Input data:

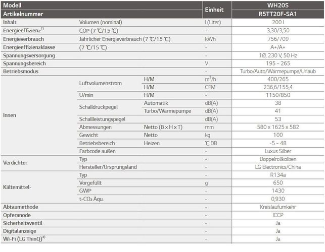 LG Trinkwasser Wärmepumpe LG R134A Therma V 200 Liter Brauchwasserwärmepumpe WIFI
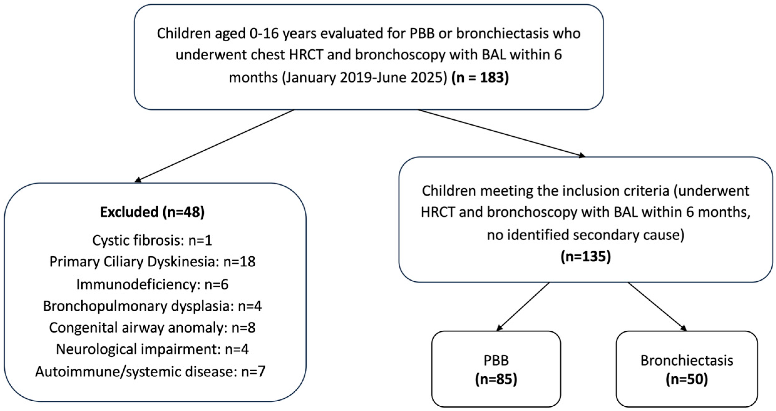 Children aged 0–16 years were eligible for inclusion if they met the diagnostic criteria for either PBB or bronchiectasis and had undergone both flexible bronchoscopy with BAL and HRCT of the chest within six months. Patients were excluded if one or both procedures had not been performed or if the interval between procedures exceeded six months.
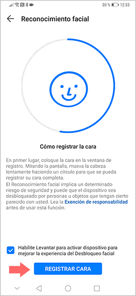 Ahora veremos que aparece una nueva ventana en la que nos encontramos con un botón de la parte inferior que pone "Registrar cara". Debemos pulsar sobre el.

What the task requires: The copy must begin at the line containing "Children aged 0–16" and end at the last line of the data above, with every line retyped exactly and no pictures included.

Response:
 Children aged 0–16 years were eligible for inclusion if they met the diagnostic criteria for either PBB or bronchiectasis and had undergone both flexible bronchoscopy with BAL and HRCT of the chest within six months. Patients were excluded if one or both procedures had not been performed or if the interval between procedures exceeded six months.
 Ahora veremos que aparece una nueva ventana en la que nos encontramos con un botón de la parte inferior que pone "Registrar cara". Debemos pulsar sobre el.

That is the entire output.